Wednesday, September 10, 2014

Before Our Loss- Our Story (Part 1)

It was 6:00 am. Nausea woke me up for the second day in a row. I had a test hidden in the back of the cabinet in the bathroom. (It was hidden because Sam didn't like it when I put myself through the heartache of taking a test and seeing a negative month after month for 4 years.) Everyone was asleep so I thought I would take the test, see a negative, take it out the trash outside and no one would ever know I once again put myself through this kind of torture. I laid the test on the counter and thought, "You're so stupid! Why are you even doing this? You know what it's going to be." I sat on the toilet and waited. I saw one line come up showing the test was working.
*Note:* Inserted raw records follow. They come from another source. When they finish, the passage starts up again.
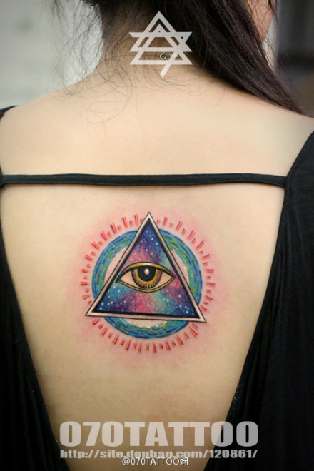 美女后背漂亮精美的彩色星空全视之眼纹身图案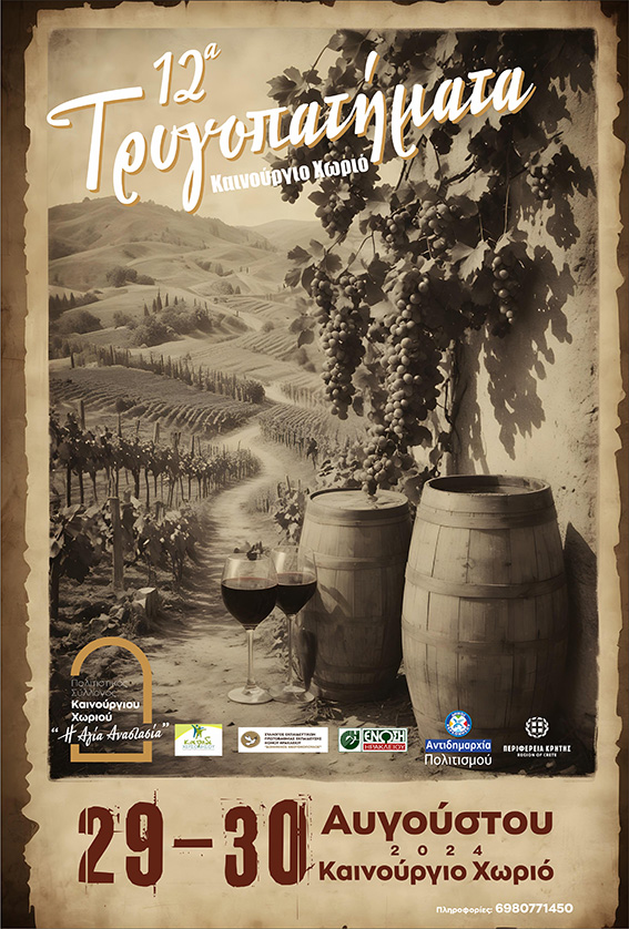 Ο Πολιτιστικός Σύλλογος Καινούργιου Χωριού «Αγία Αναστασία», για 12η χρονιά, οργανώνει τον θεσμό «ΤΡΥΓΟΠΑΤΗΜΑΤΑ» με ένα διήμερο δράσεων που περιλαμβάνει τον τρύγο στο αμπέλι με παραδοσιακό κολατσιό, το πάτημα των σταφυλιών για την παραγωγή του μούστου, την αποθήκευση των στράφυλων, εσπερίδα ανάγνωσης κρητικής αναγεννησιακής λογοτεχνίας, κέρασμα – γευσιγνωσία οίνου και παραδοσιακό γλέντι!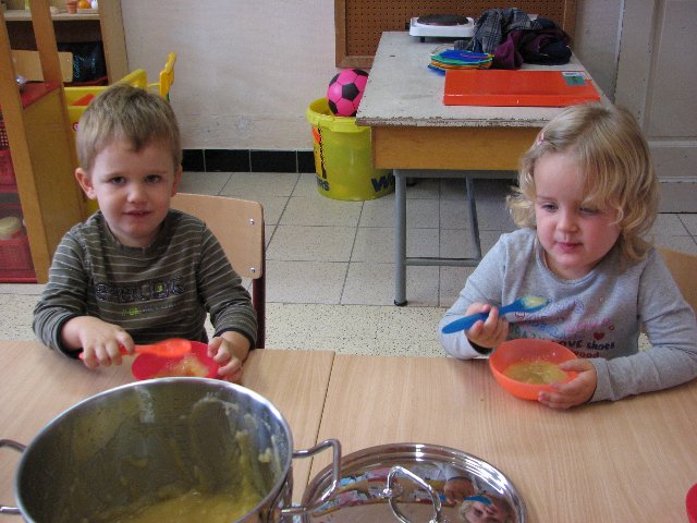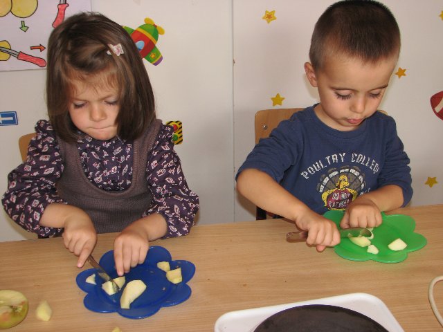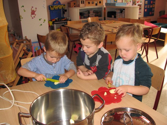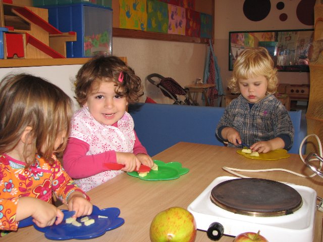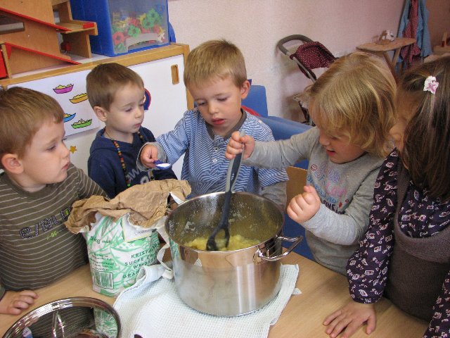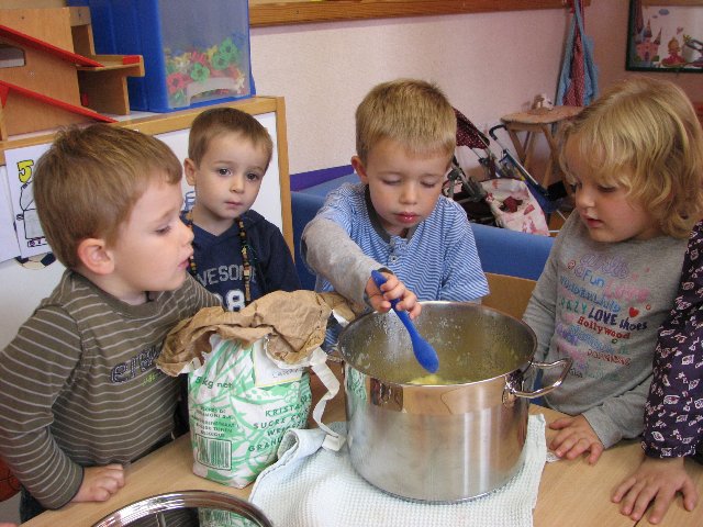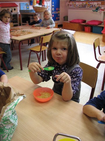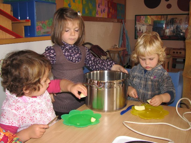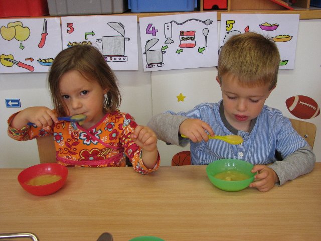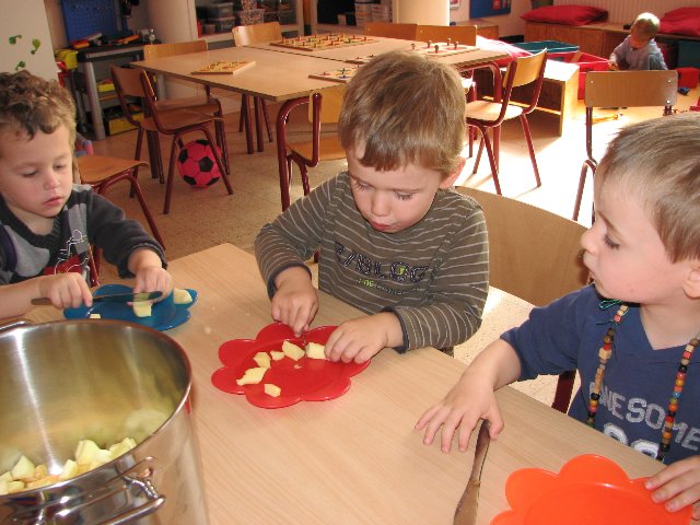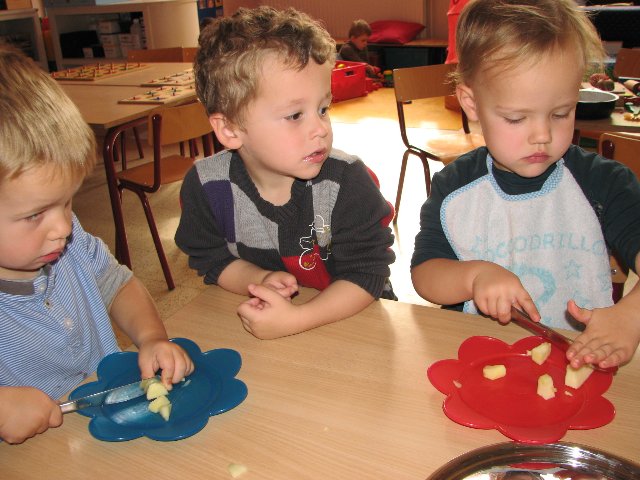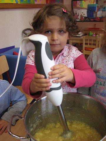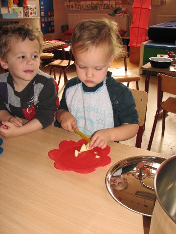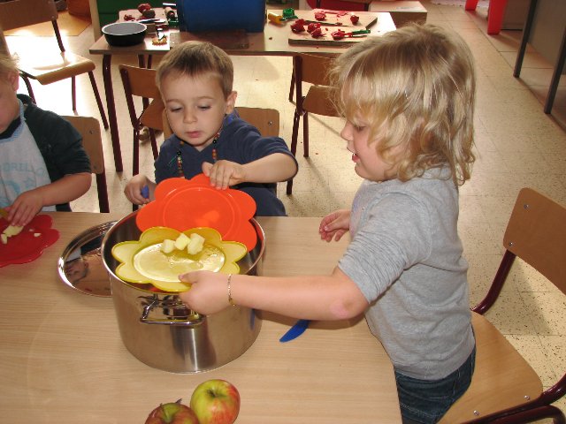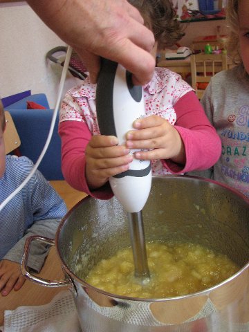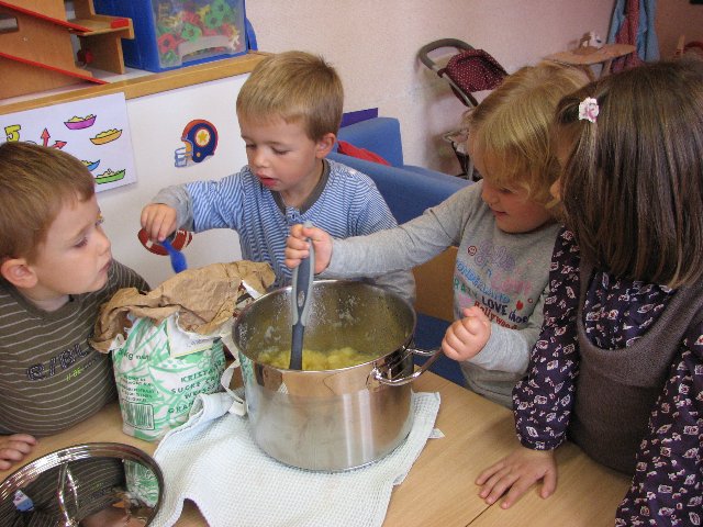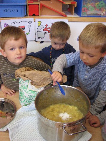 We maken heerlijke appelmoes in de klas. Dat wordt smullen

I look back seconds later and see another line. I was in shock. Could this really be? I ran in and woke up Sam. I don't think he realized what I was saying, especially through the tears. He told me to go to CVS and get more tests. I took 2  more over the next 2 hours. 
All positive. 

We were pregnant. 
We finally got our little miracle. 
We were so happy. 
In an instant this baby restored joy and hope into our lives.


2 comments:

April and Jason said...

Your blog popped up on the news-feed of my blog, and I was excited to see you back here. I would like to tell you congrats, but from the title of this post, I'm afraid of what you are going to write next. I'm happy for you that you were able to get pregnant, but the "loss" part has me worried. You are always in my prayers dear friend, and I hope only the best for you. I miss your blogs, and I hope you will write more often!

Kris and Megan said...

No no no :( Please not another loss for you. I'm so sorry Megan!!!! You are in my prayers!